The United Nations commission against torture joined the growing international condemnation of Guantánamo last month, declaring the treatment of the prisoners, particularly their indefinite detention without prospect of trial or eventual release, a form of torture. The commission called on the Bush administration to close the prison.
Bush has made several comments recently suggesting that he would like to see the facility closed and the prisoners put on trial. But these noises are merely for international consumption: in practice, the Pentagon has begun a $30 million expansion of the prison to make room for another
100 medium-security prisoners.
None of the condemnations by outside agencies and human rights groups, however, are as damning as the truly pathological comments made by the two top military officials responsible for Guantánamo, base commander Rear Admiral Harry Harris and General John Craddock, head of the Southern Command.

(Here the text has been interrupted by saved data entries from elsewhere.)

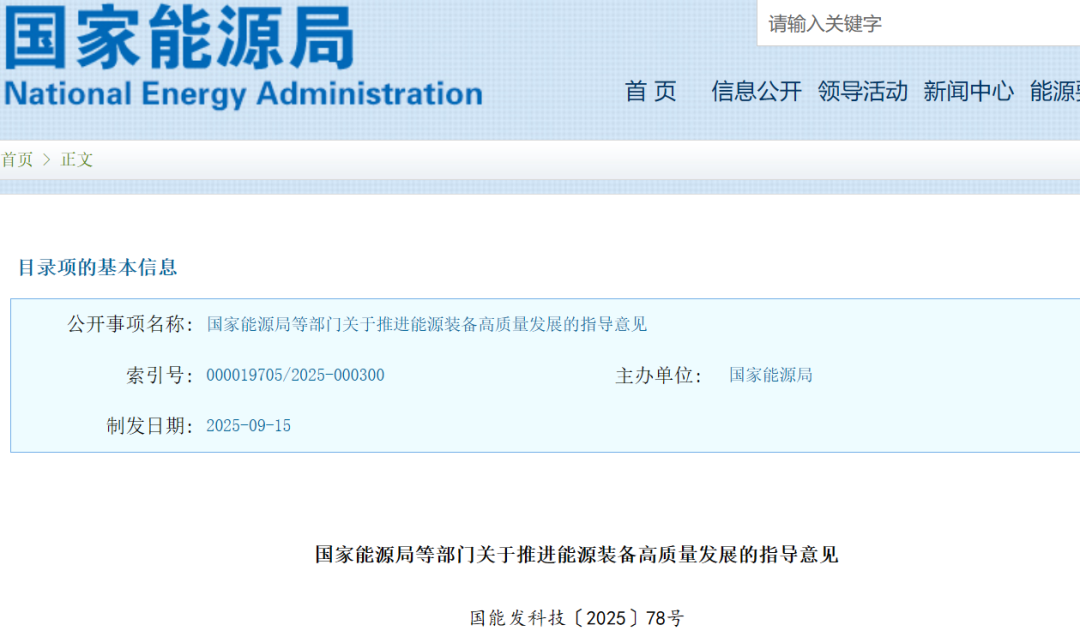 9月22日,國家能源局等部門發布關于推進能源裝備高質量發展的指導意見。
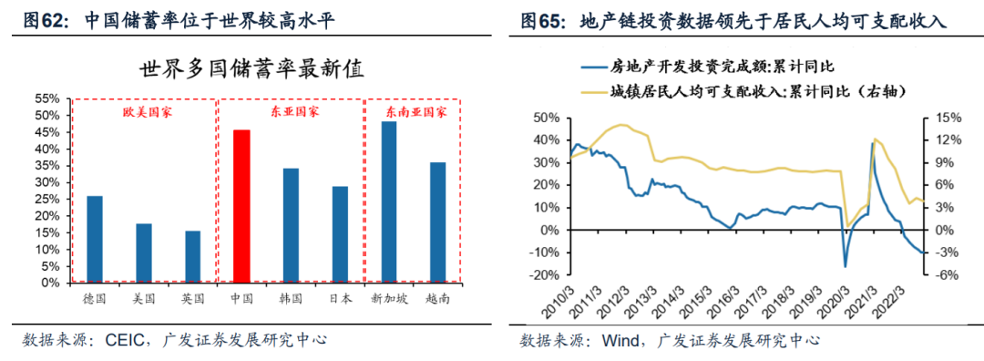 地产链政策助力释放超额储蓄提振消费。中国储蓄率位于世界较高水平,防疫优化后超额储蓄有待释放助力消费增长,地产链“稳增长”+“扩内需”政策的出台有望修复中国居民消费意愿。
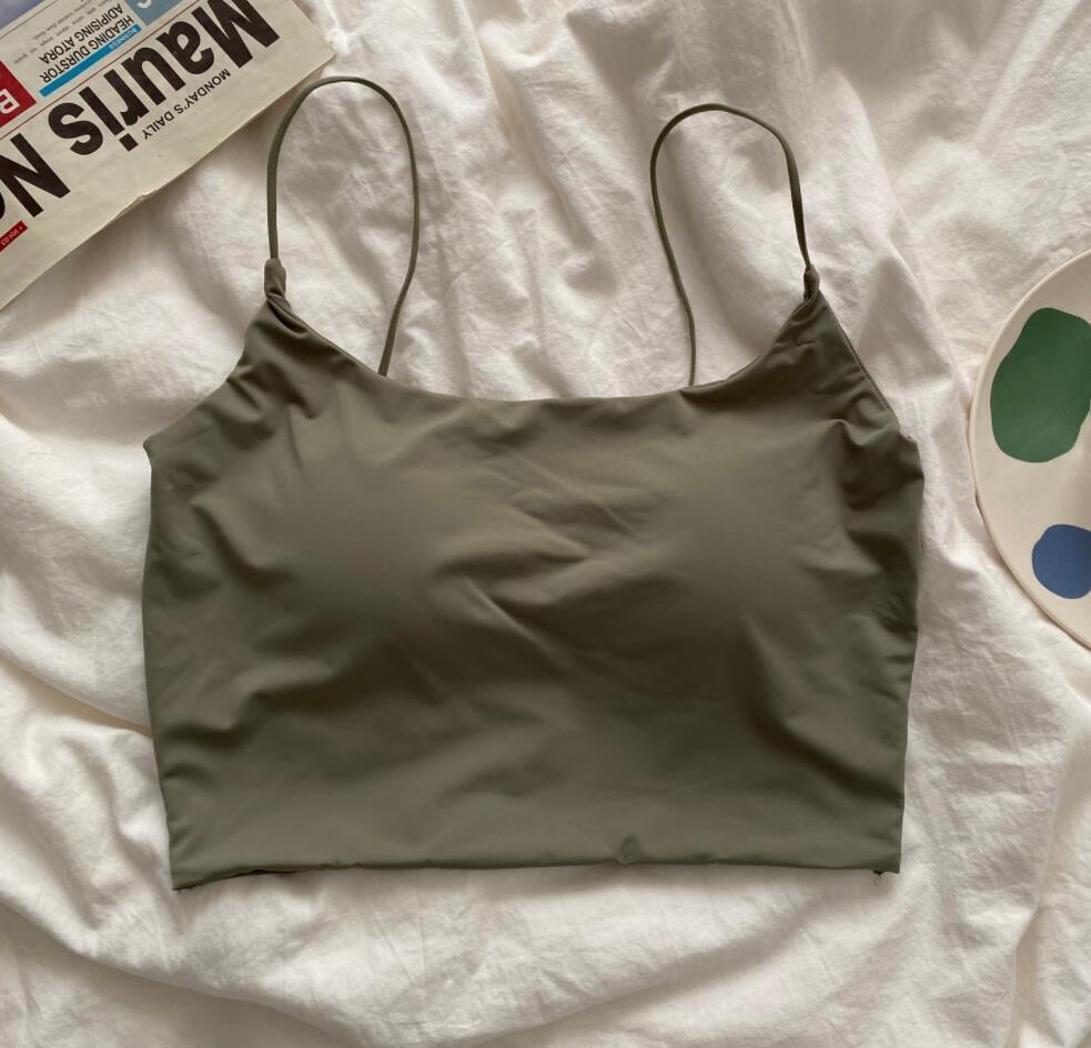 - 春夏秋冬新作 スポーツブラ 女の子 柔らかい ゆったり ブラ ハーフトップ ノンワイヤー カップ付き インナー 着心地上品 四季適用/グリーン
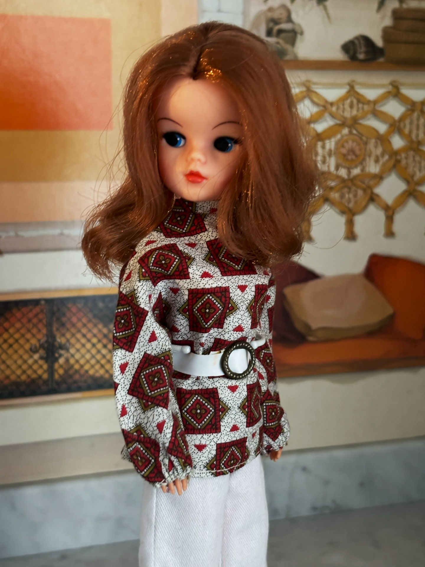 A cool blouse that has been made in several colors and patterns. The first came in 1964-65 and then a new edition in 1967-70. I have chosen to show it as an overshirt but the "correct" way is to have the buttons on the back.

Harris said the three prisoners had “no regard for life, either ours or their own... I believe this was not an act of desperation, but an act of asymmetrical warfare waged against us.”
Craddock added, “This is a determined, intelligent, committed element. They continue to do everything they can... to become martyrs in the jihad.”
The Orwellian character of these remarks, worthy of the commandant of a Nazi concentration camp, needs no elaboration. A regime which can portray the suicide of desperate prisoners as an “an act of... warfare waged against us” is capable of any lie or any crime.